▶ [PROVIDED INFORMATION]

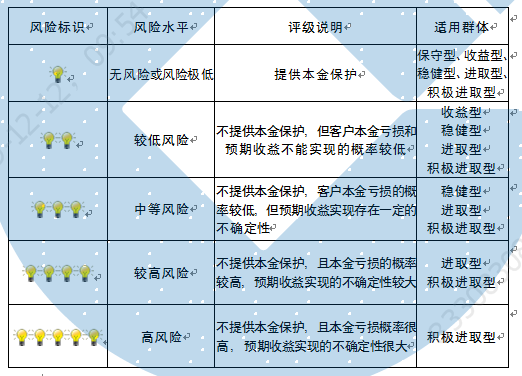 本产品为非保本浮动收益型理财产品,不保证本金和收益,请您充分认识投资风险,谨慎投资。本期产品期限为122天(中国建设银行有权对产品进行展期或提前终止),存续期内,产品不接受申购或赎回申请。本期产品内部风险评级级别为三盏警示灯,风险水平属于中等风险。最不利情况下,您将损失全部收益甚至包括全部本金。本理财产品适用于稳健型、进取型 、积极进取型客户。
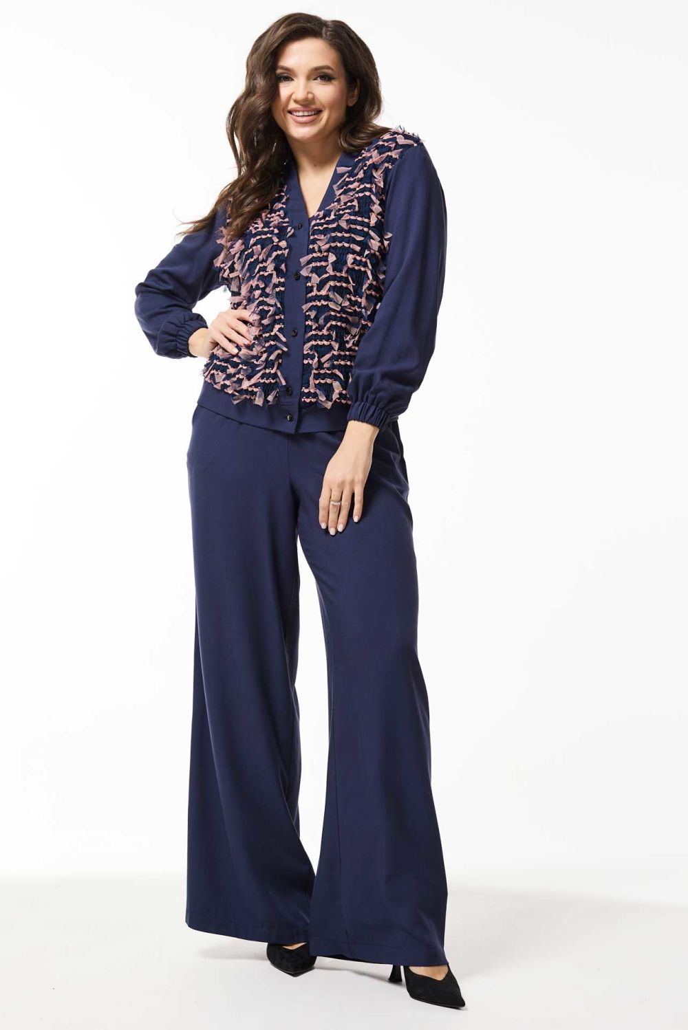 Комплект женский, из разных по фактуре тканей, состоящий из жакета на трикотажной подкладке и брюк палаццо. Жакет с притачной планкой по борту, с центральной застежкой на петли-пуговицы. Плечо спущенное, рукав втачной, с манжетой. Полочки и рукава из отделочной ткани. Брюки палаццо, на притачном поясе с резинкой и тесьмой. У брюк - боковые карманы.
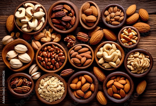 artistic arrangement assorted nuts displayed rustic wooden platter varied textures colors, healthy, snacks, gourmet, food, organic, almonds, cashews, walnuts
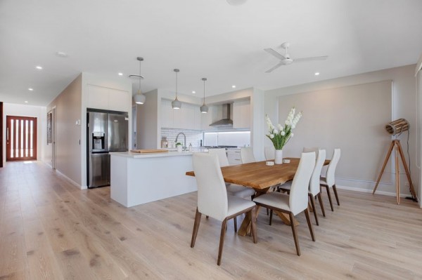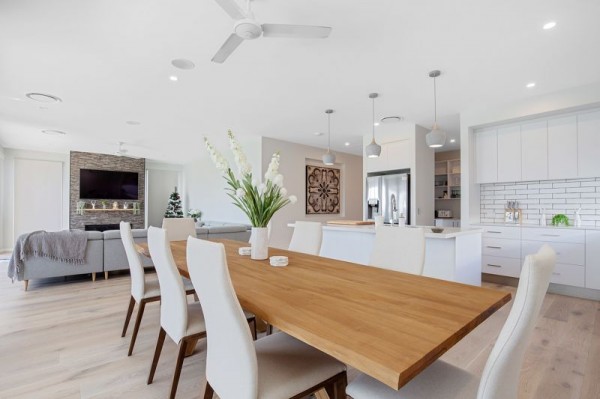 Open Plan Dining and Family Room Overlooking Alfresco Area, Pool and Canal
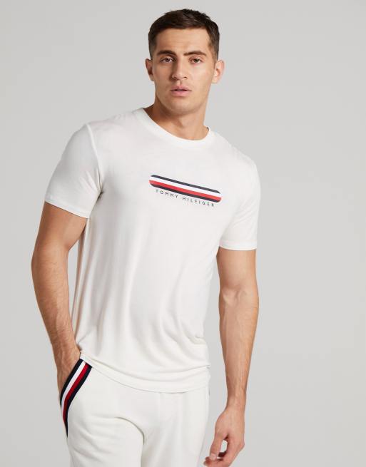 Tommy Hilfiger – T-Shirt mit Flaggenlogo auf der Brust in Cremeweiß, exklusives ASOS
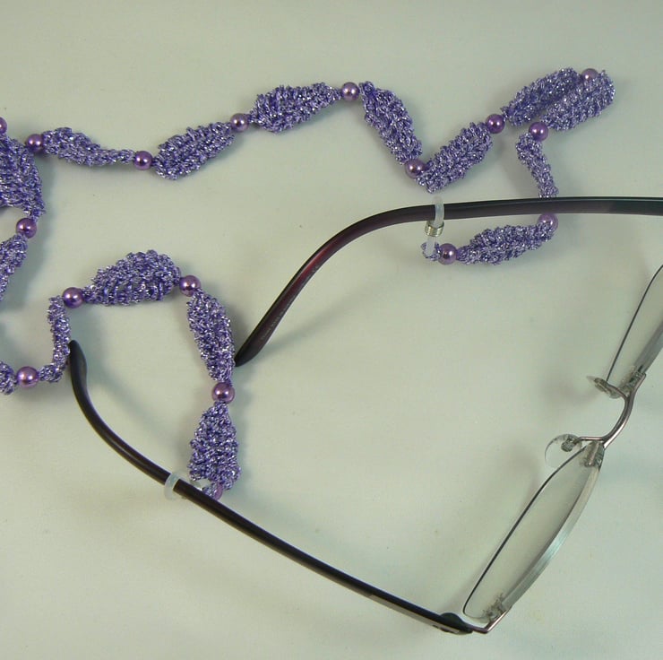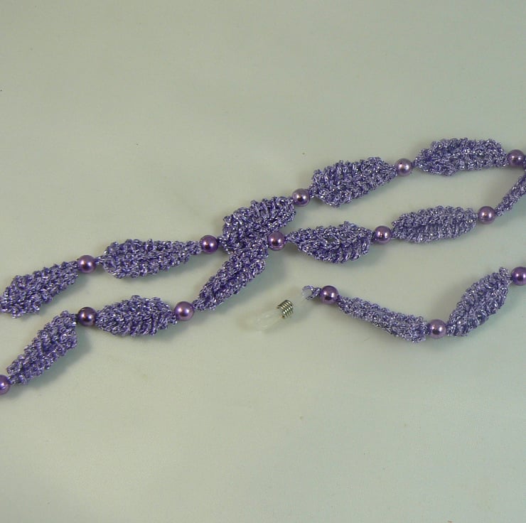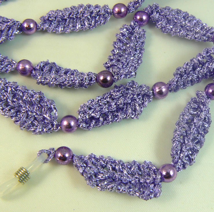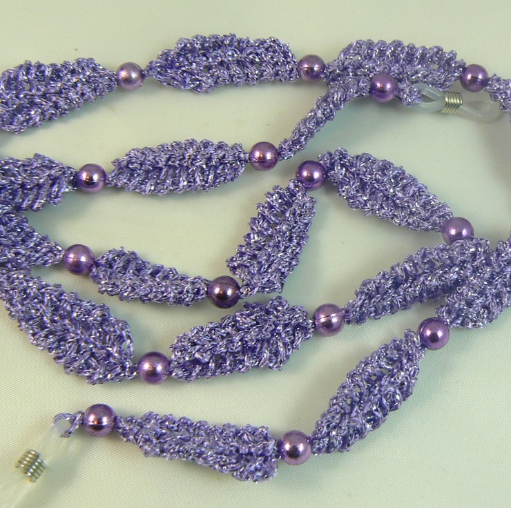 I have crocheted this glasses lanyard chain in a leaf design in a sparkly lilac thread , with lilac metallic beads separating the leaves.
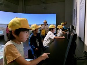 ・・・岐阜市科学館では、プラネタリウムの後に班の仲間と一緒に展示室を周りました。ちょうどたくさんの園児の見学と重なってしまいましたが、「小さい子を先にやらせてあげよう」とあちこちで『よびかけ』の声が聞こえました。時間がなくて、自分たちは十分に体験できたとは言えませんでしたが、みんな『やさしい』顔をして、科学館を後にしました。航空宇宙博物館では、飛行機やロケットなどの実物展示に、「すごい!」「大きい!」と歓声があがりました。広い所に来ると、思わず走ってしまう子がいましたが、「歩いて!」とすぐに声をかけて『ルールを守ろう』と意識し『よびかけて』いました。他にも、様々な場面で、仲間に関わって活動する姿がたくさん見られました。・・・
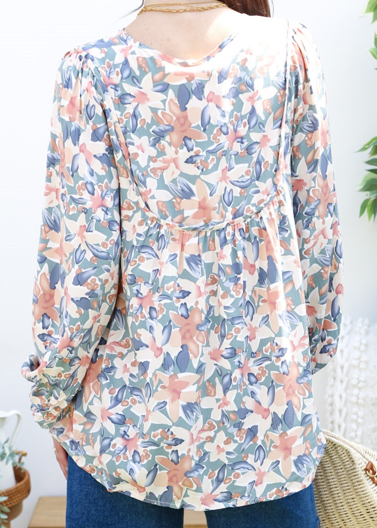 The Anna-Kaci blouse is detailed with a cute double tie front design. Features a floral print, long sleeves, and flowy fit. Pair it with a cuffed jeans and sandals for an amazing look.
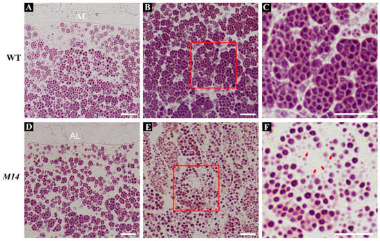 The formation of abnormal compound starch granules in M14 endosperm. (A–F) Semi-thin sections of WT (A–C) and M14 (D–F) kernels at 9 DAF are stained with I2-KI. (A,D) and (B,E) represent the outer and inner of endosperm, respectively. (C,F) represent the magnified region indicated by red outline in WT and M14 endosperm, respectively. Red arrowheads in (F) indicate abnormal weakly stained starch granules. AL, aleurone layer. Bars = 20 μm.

▶ [TASK INSTRUCTIONS] Each line above must be set down exactly, though no picture should be carried over.

▶ [SOLUTION BELOW]
 本产品为非保本浮动收益型理财产品,不保证本金和收益,请您充分认识投资风险,谨慎投资。本期产品期限为122天(中国建设银行有权对产品进行展期或提前终止),存续期内,产品不接受申购或赎回申请。本期产品内部风险评级级别为三盏警示灯,风险水平属于中等风险。最不利情况下,您将损失全部收益甚至包括全部本金。本理财产品适用于稳健型、进取型 、积极进取型客户。
 Комплект женский, из разных по фактуре тканей, состоящий из жакета на трикотажной подкладке и брюк палаццо. Жакет с притачной планкой по борту, с центральной застежкой на петли-пуговицы. Плечо спущенное, рукав втачной, с манжетой. Полочки и рукава из отделочной ткани. Брюки палаццо, на притачном поясе с резинкой и тесьмой. У брюк - боковые карманы.
 artistic arrangement assorted nuts displayed rustic wooden platter varied textures colors, healthy, snacks, gourmet, food, organic, almonds, cashews, walnuts
 Open Plan Dining and Family Room Overlooking Alfresco Area, Pool and Canal
 Tommy Hilfiger – T-Shirt mit Flaggenlogo auf der Brust in Cremeweiß, exklusives ASOS
 I have crocheted this glasses lanyard chain in a leaf design in a sparkly lilac thread , with lilac metallic beads separating the leaves.
 ・・・岐阜市科学館では、プラネタリウムの後に班の仲間と一緒に展示室を周りました。ちょうどたくさんの園児の見学と重なってしまいましたが、「小さい子を先にやらせてあげよう」とあちこちで『よびかけ』の声が聞こえました。時間がなくて、自分たちは十分に体験できたとは言えませんでしたが、みんな『やさしい』顔をして、科学館を後にしました。航空宇宙博物館では、飛行機やロケットなどの実物展示に、「すごい!」「大きい!」と歓声があがりました。広い所に来ると、思わず走ってしまう子がいましたが、「歩いて!」とすぐに声をかけて『ルールを守ろう』と意識し『よびかけて』いました。他にも、様々な場面で、仲間に関わって活動する姿がたくさん見られました。・・・
 The Anna-Kaci blouse is detailed with a cute double tie front design. Features a floral print, long sleeves, and flowy fit. Pair it with a cuffed jeans and sandals for an amazing look.
 The formation of abnormal compound starch granules in M14 endosperm. (A–F) Semi-thin sections of WT (A–C) and M14 (D–F) kernels at 9 DAF are stained with I2-KI. (A,D) and (B,E) represent the outer and inner of endosperm, respectively. (C,F) represent the magnified region indicated by red outline in WT and M14 endosperm, respectively. Red arrowheads in (F) indicate abnormal weakly stained starch granules. AL, aleurone layer. Bars = 20 μm.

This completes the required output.